21. COMPOSIÇÃO, de acordo com a reivindicação 18, caracterizada pela doença inflamatória crônica ser selecionada do grupo que consiste em asma, dermatite atópica, eczema, psoríase, osteoartrite, gota, artrite psoriática, cirrose, esteato-hepatite não alcoólica, doença pulmonar obstrutiva crônica, rinite, retinopatia diabética, insuficiência renal diabética, neuropatia diabética e esclerose múltipla.

22. USO DO ANTICORPO OU FRAGMENTO DESTE, de acordo com a reivindicação 1, caracterizado por se destinar à preparação de um agente para a inibição da metástase do câncer.
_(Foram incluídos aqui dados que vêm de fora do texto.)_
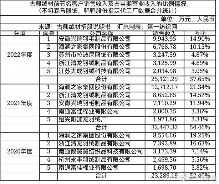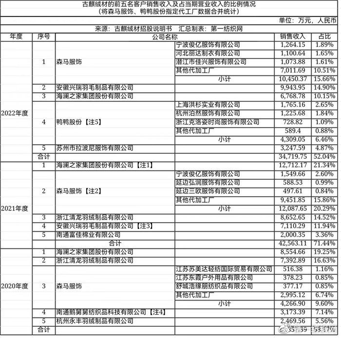 报告期内,将森马服饰、鸭鸭股份指定代工厂数据合并统计,古麒绒材的前五名客户销售收入及占当期营业收入的比例情况如下:
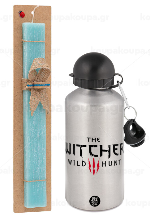 The witcher III wild hunt, Easter Set, metallic silver aluminum water bottle (500ml) & scented flat Easter candle (30cm) (TURQUOISE)
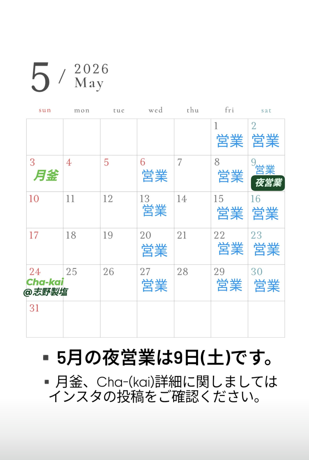 5月営業日のお知らせ
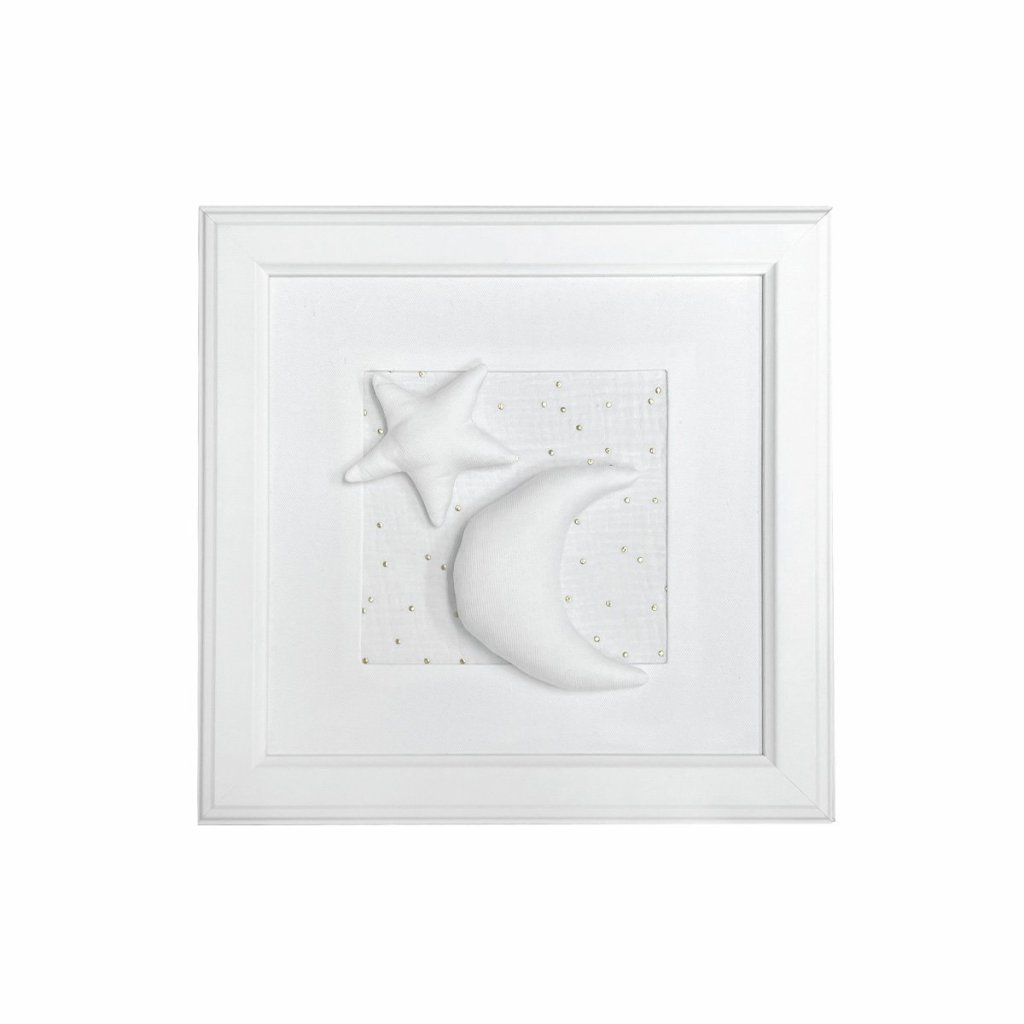 Obrazy pre deti vytvoria rozprávkovú detskú izbu. Zhmotnite ich detské sny do reálnej podoby! Krásny biely obrázok s mesiacom a hviezdou. Vnútorná časť obrazu je vyrobená z mäkkého textilu. Trojrozmerný mesiac a hviezda sú vyrobené z bielej bavlny. Pozadie je vyrobené z trblietavého zlatého bodkovaného textilu. Krásna dekorácia do detskej izby.
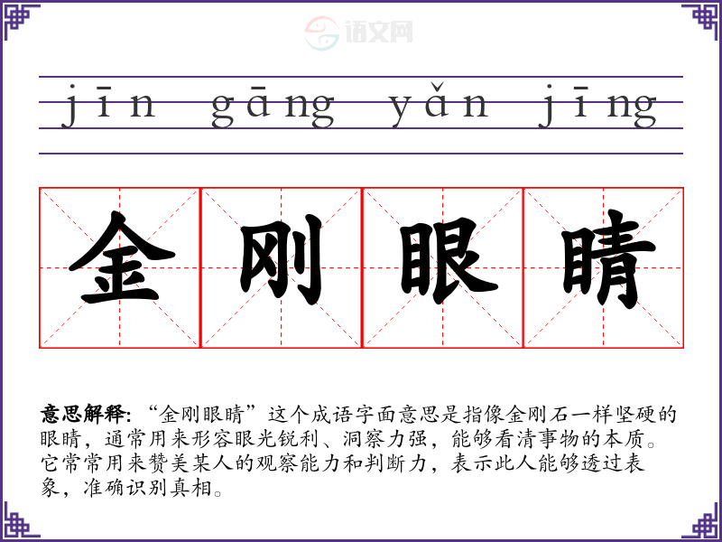 通过对“金刚眼睛”的学,我更加理解了观察力和洞察力在生活中的重要性。这个成语不仅丰富了我的语言表达,也促使我在学和生活中更加关注事物的本质。我会努力培养自己的“金刚眼睛”,以更好地理解和应对复杂的现实世界。
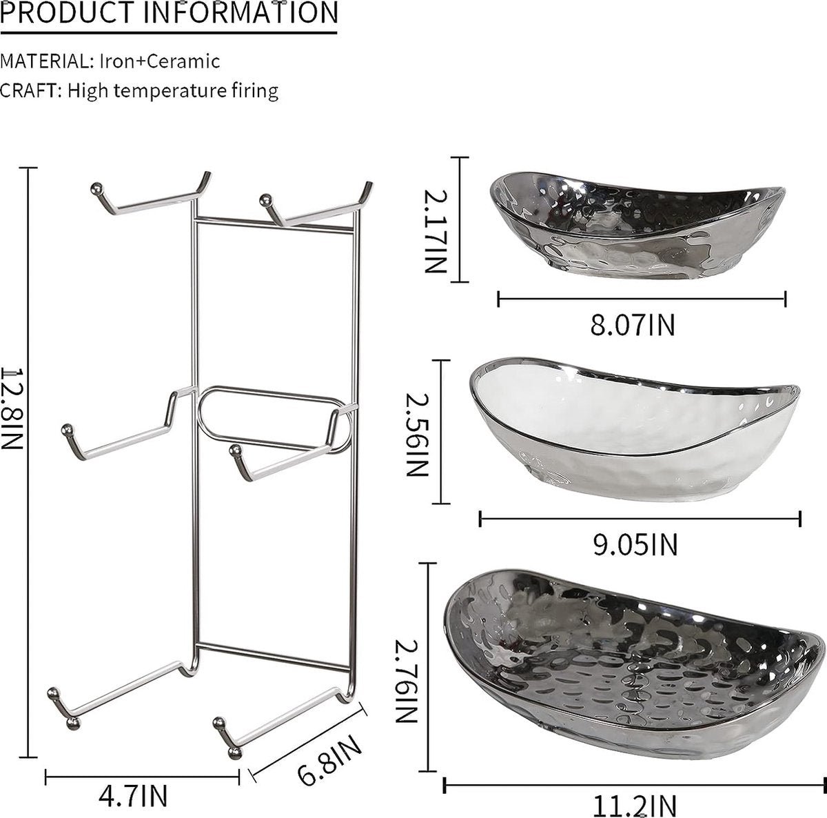 Elegant ontwerp: onze fruitschaal met schoonheid en functionaliteit, verfijnd design en elegante stijl, is niet alleen een fruit- en cake- en dessertbord, maar ook een elegante decoratie voor uw huis. In esthetisch design, onberispelijk voor eetkamer- of tafeldecoratie. Het kan ook een geweldig cadeau zijn, ideaal voor bruiloften, vrienden of een ander feest. Ruimtebesparend en veelzijdig: deze fruitschaal met 3 niveaus is 28,5 cm lang voor de grote schaal, 23 cm lang voor de middelgrote schaal en 20,5 cm lang voor de kleine schaal, en de metalen standaard meet 12 x 18 cm (L x H). Onze keramische fruitmand is compact van ontwerp en kan als fruithouder met fruit, groenten, suiker, snacks en kleine gadgets worden geplaatst. Prachtig ontworpen om veelzijdig te zijn voor elke eettafel, bruiloften, verjaardagsfeestjes, buffettraktaties, voedselpresentatietafels, babyborrels, afternoon tea. Stevig en duurzaam: elke serveerschaal is gemaakt van hoogwaardig keramiek met een gladde aanraking, de originele kleur van de materialen zal niet vervagen of roesten. De plank is gemaakt van metaal, licht en mooi. De randen van de serveerschaal zijn gemaakt van onregelmatige lijnen, rond en glad, zonder bramen. De antislipbal aan de onderkant van de plank is glad gepolijst, voorkomt schudden en beschadigt het werkblad niet.

23. MÉTODO PARA A INIBIÇÃO DA METÁSTASE DO CÂNCER EM UM INDIVÍDUO EM NECESSIDADE DESTE, sendo o método caracterizado por compreender a administração do anticorpo ou fragmento deste, de acordo com a reivindicação 1, ao indivíduo em uma quantidade eficaz para a inibição da metástase do câncer.

24. USO DO ANTICORPO OU FRAGMENTO DESTE, de acordo com a reivindicação 1, caracterizado por se destinar à preparação de um agente para o diagnóstico de câncer.

25. MÉTODO PARA O DIAGNÓSTICO DE CÂNCER EM UM INDIVÍDUO EM NECESSIDADE DESTE, sendo o método caracterizado por compreender a administração do anticorpo ou fragmento deste, de acordo com a reivindicação 1, ao indivíduo em uma quantidade eficaz para o diagnóstico de câncer.

26. USO DO ANTICORPO OU FRAGMENTO DESTE, de acordo com a reivindicação 1, caracterizado por se destinar à preparação de um agente para o tratamento de uma doença relacionada à migração de células imunes.

27. MÉTODO PARA O TRATAMENTO DE UMA DOENÇA RELACIONADA À

MIGRAÇÃO DE CÉLULAS IMUNES EM UM INDIVÍDUO EM NECESSIDADE DESTE, sendo o método caracterizado por compreender a administração do anticorpo ou fragmento deste, de acordo com a reivindicação 1, ao indivíduo em uma quantidade eficaz para o tratamento da doença relacionada à migração de células imunes.